Stochastic effects are an area of increasing focus and concern for EUV lithographers. John Biafore, Research Scientist in the PROLITH group at KLA-Tencor, provided an in-depth view of the many sources of these problematic effects as well as potential mitigation strategies at the Nikon symposium earlier this year.
Lithography modeling strategies have historically favored the continuum approximation, in which one assumes that local fluctuations from quantum effects are small. However, these methods are not as accurate when either the length scale of features is comparable to the molecular sizes or when the number of photons absorbed in proximity to a feature are small enough that local fluctuations affect lithography, producing feature edge roughness (LER), feature CD variability or non-uniformity (LWR and LCDU), as well as missing or failed features (Figure 1A). To accurately model current effects in EUV and other resists, PROLITH builds the quantization of light and matter into their lithography models.
Biafore explained that stochastic effects in lithography are observed as local, random variabilities or failures in the after-develop resist image (ADI). They can be caused optically by uncertainty in the absorbed photon number, as well as by physical-chemical causes including uncertainties in the release of photoproducts (both amount and position), and by diffusional blur during post-processing or development (Figure 1B).
Reliance on continuum modeling to predict EUV lithography carries significant risk. For instance, hot spots may appear or disappear randomly due to stochastic effects (Figure 2A). Studies of stochastics in EUV have been a focus area for over a decade, and the origin of the troublesome variability is in the resist exposure and uncertainty in the amount of energy absorbed. This is because the exposure process is the single connection between the projection image and the resist; the resist cannot compensate for inherent statistical effects, a.k.a. photon shot noise (PSN), in photon absorption (Figure 2B).

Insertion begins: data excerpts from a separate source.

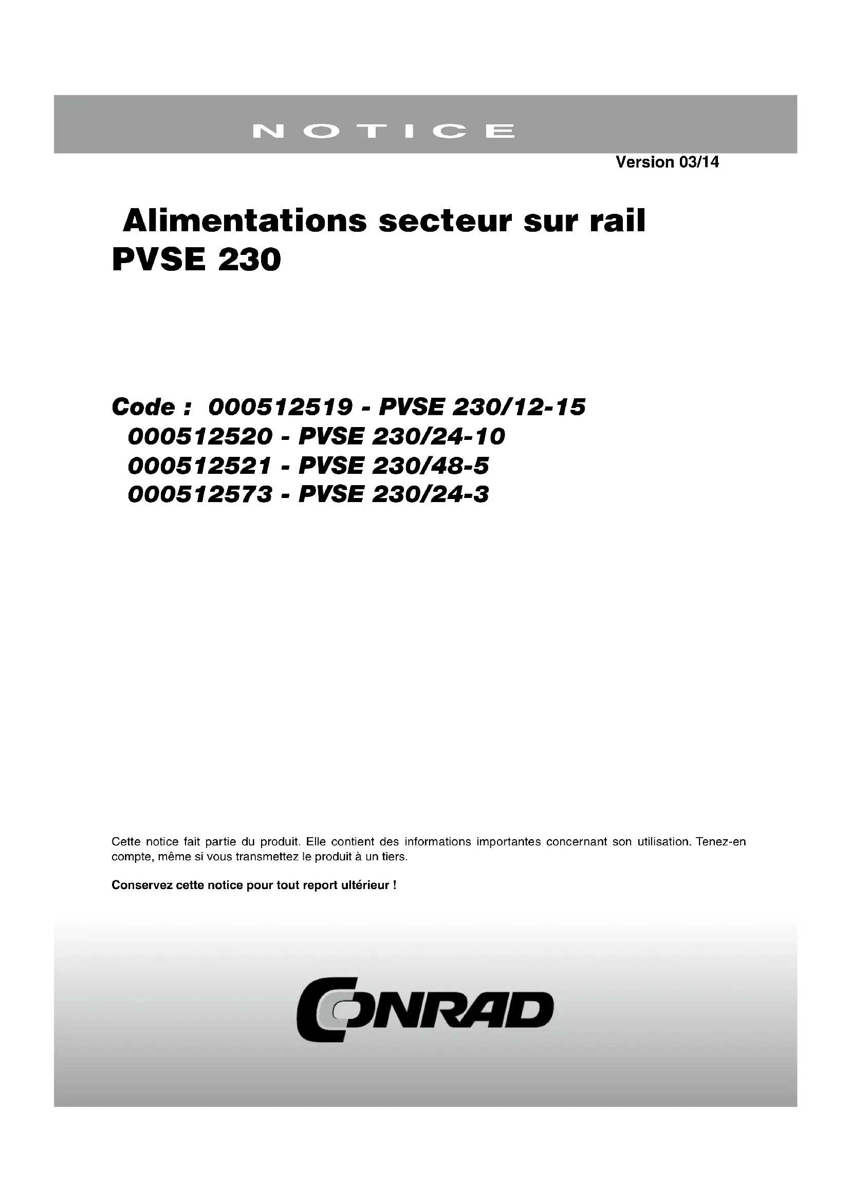 MODE D'EMPLOI PVSE 230/24-10 Block
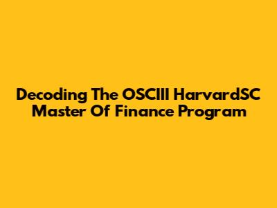 Decoding The OSCIII HarvardSC Master Of Finance Program
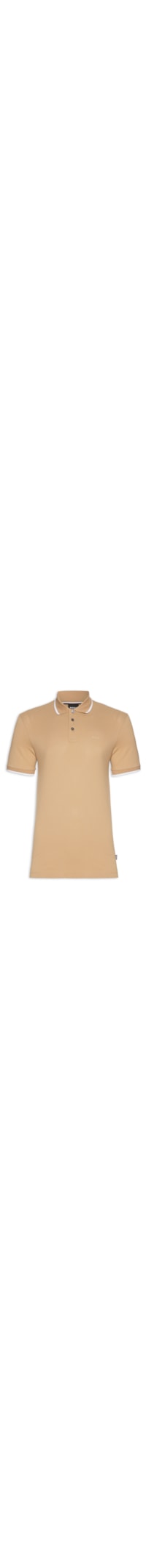 A polo bege é confeccionada por malha de piquet com média elasticidade. A peça solta ao corpo possui colarinho simples, mangas curtas, nome da marca aplicado na altura do tórax, pequenas fendas laterias, tag da marca aplicada na lateral e acabamento canelado e listra branca aplicada na gola e mangas.
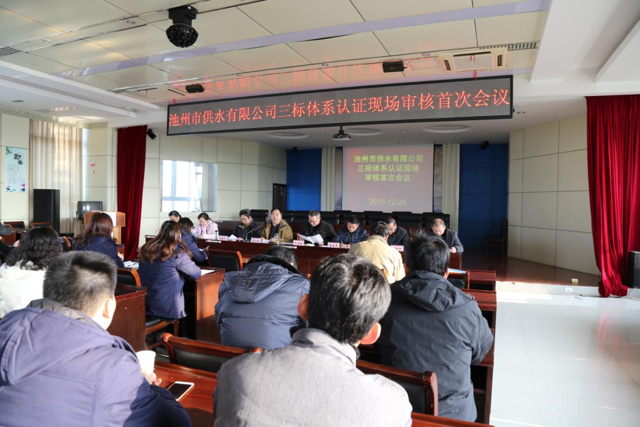 2016年12月29-31日,經過第三方上海恩可埃認證有限公司專家為期三天的審核,池州市供水有限公司“三標一體”管理體系即質量、環境、職業健康安全管理體系運行符合標準要求,順利通過認證審核,正式獲得“三標一體”管理體系認證。
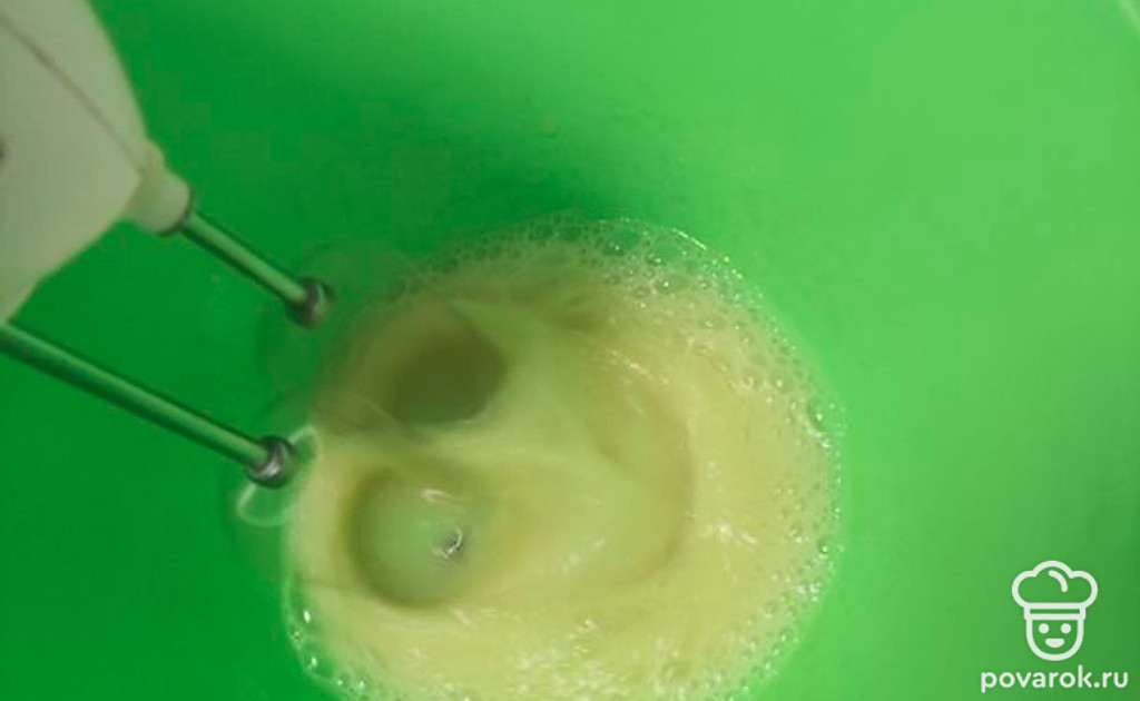 Разбейте яйца. Взбивайте 3 минуты.
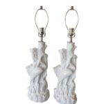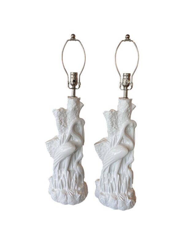 SOLD Vintage Pair of Tropical Plaster Bird White Heron Table Lamps Newly Wired
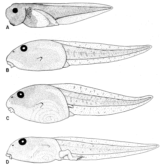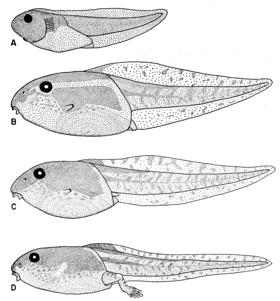 | 1. | Pond tadpoles; tail about half again as long as body; mouth anteroventral |
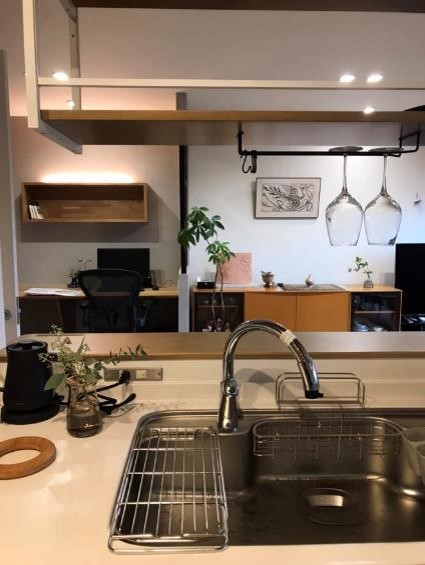 造作のオープン収納と、カウンターを設けたワークスペースを確保しました。
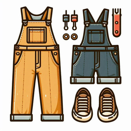 Colorful overalls isolated on a white background. Vector illustration.
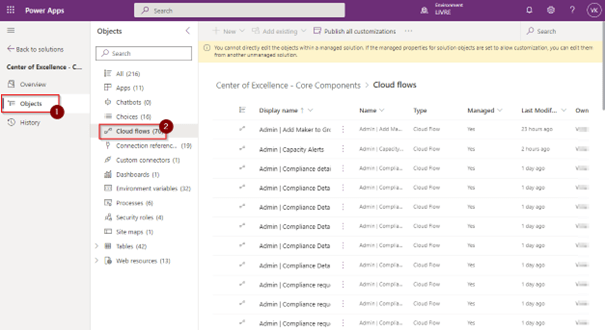 Afterwards, head over to the Objects tab and select the Cloud Flows:
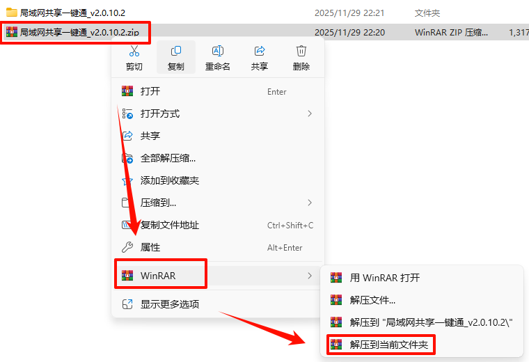 1.选中下载的压缩包,然后鼠标右键选择“解压到当前文件夹”

The photon shot noise effect is compounded by other stochastic effects occurring in the resist.
To see this, Biafore first compared continuum and stochastic simulations of a single edge looking at the incident and absorbed photons using EUV with 30 nm film thickness, 20 mJ/cm2 dose, and image blur = 0. The thin EUV resist film typically only absorbs a fraction (20%) of the incident photons; given the photon shot-noise effects from that combined with the stochastic nature of photoacid generation and reaction-diffusion, the simulations highlight that even for a perfect edge the photoproduct (acid) and protected polymer (M) after reaction-diffusion (RxD) shows an edge roughness greater than zero (Figure 3). The PSN produces uncertainty in the number of photoproducts, while exposure blur from the photoelectric effect produces uncertainty in their position as well.
To see blur effects, Biafore shared stochastic simulations of single edges after exposure and reaction-diffusion using EUV with 30 nm film thickness, 35 mJ/cm2 dose, and comparing image blur = 0 nm vs. 10 nm. The addition of image blur had a negative effect on the roughness and positioning (Figure 4A); whereas subsequent simulations showed improvements were gained by increasing dose and decreasing image blur (Figure 4B).
Inclusion of all these effects produces more accurate prediction of hotspots; after that, it is necessary to understand the mechanism that causes failures like missing contacts or shorts, whether they are “hard” repeaters that always print, or stochastic or “soft” repeaters that sometimes print. Lithography simulation should be used to find and diagnose the root cause of the failures, determine a repair strategy, and identify weak points on the wafer that require close monitoring (Figure 5A). E-beam inspection techniques can evaluate 8 wafers in 24 hours with ~0.01% of the wafer area inspected, whereas optical inspection can evaluate 24 wafers in 24 hours with ~97% of the wafer checked. A combination of optical and e-beam wafer inspection methods (Figure 5B) is necessary to effectively monitor locations of stochastic weak points.
Stochastics continue to challenge the EUV lithography community, and Biafore underscored that accurate simulations are essential for cost-effective EUV process characterization. Many factors conspire to produce stochastic effects, and mitigation may require: increasing image contrast, raising the dose, improving resist mechanics, better understanding and optimization of properties affecting exposure blur, as well as increasing the absorption by a factor of two in organic CARs. In the meantime though, Biafore concluded that whatever cannot be repaired using simulation must be monitored, and he warned that verification of stochastic weak points may require full wafer inspection to monitor millions, if not billions or more sites.